==== EXTRACTED RECORDS
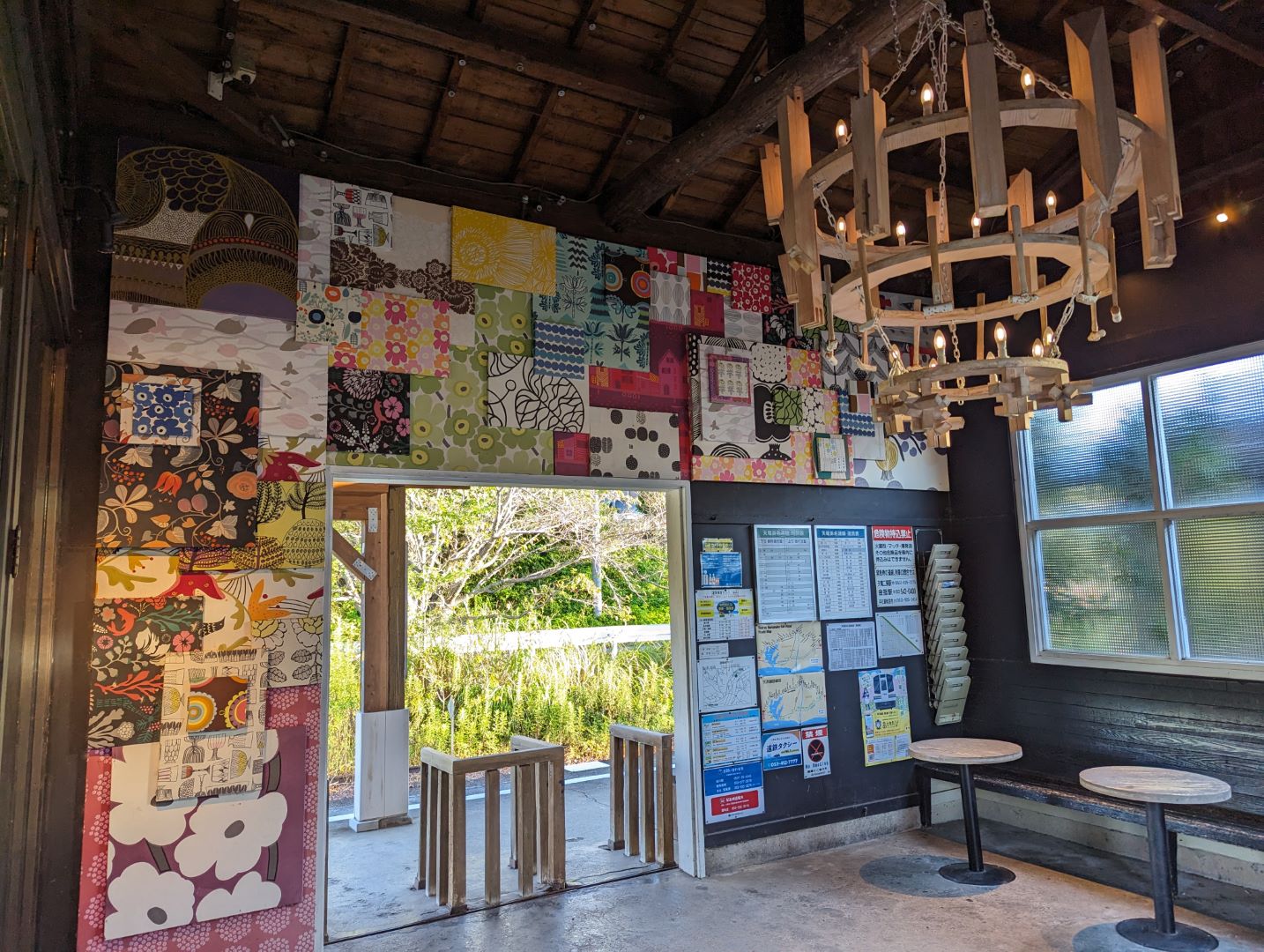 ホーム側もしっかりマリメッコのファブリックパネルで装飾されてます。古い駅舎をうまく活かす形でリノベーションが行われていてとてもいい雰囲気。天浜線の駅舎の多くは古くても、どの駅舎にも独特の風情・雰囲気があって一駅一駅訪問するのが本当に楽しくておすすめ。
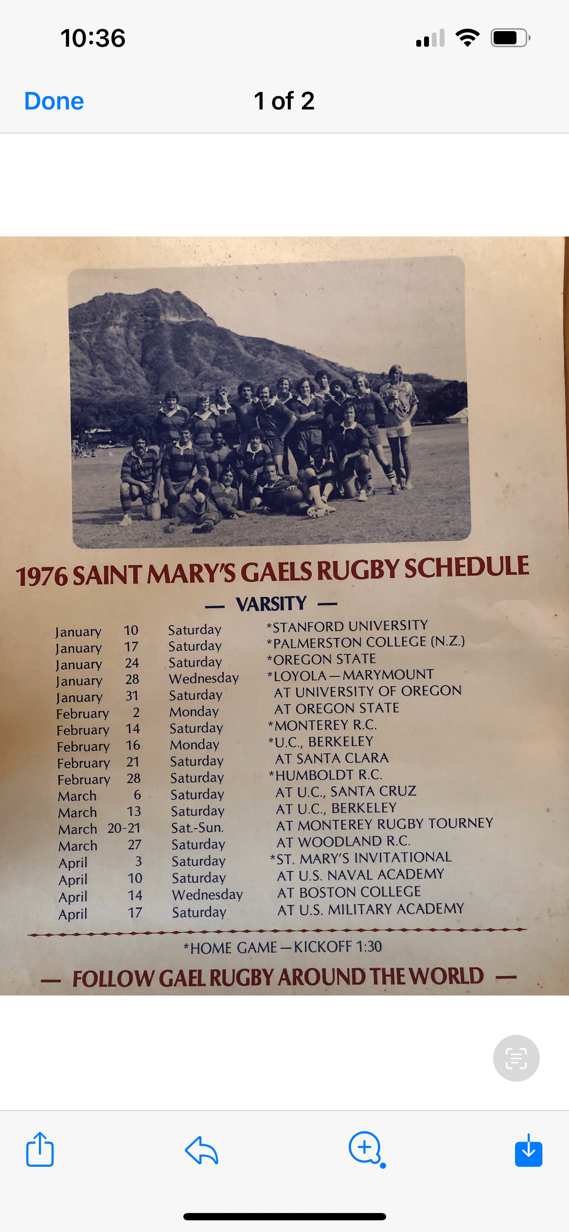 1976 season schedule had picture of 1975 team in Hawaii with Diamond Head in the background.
========
==== EXTRACTED RECORDS
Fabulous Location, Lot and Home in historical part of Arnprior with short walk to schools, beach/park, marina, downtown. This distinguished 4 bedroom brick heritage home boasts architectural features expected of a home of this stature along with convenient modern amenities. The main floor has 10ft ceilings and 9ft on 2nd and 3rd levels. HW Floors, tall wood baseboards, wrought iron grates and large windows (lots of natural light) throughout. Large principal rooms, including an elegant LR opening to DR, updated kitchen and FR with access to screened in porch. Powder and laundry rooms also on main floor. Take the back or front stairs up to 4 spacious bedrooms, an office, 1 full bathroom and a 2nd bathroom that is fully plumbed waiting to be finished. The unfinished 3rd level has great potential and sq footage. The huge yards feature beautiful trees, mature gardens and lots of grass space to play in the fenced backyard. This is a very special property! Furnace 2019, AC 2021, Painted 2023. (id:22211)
========
==== EXTRACTED RECORDS
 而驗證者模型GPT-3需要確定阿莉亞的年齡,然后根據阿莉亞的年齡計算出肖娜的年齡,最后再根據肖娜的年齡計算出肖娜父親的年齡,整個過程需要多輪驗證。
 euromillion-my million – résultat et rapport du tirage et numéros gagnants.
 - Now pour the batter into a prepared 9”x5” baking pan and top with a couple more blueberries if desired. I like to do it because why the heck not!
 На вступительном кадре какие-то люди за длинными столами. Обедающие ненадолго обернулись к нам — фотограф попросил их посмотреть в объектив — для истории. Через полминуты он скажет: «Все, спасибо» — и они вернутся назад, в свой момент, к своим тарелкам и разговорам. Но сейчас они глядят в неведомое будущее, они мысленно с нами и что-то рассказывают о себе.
========
## TASK INSTRUCTIONS
In the listing above, find the line containing "ホーム側もしっかりマリメッコ". Output it and every line after it up to and including the line containing "1976 season schedule", exactly, but skip the pictures.

## WRITTEN SOLUTION
 ホーム側もしっかりマリメッコのファブリックパネルで装飾されてます。古い駅舎をうまく活かす形でリノベーションが行われていてとてもいい雰囲気。天浜線の駅舎の多くは古くても、どの駅舎にも独特の風情・雰囲気があって一駅一駅訪問するのが本当に楽しくておすすめ。
 1976 season schedule had picture of 1975 team in Hawaii with Diamond Head in the background.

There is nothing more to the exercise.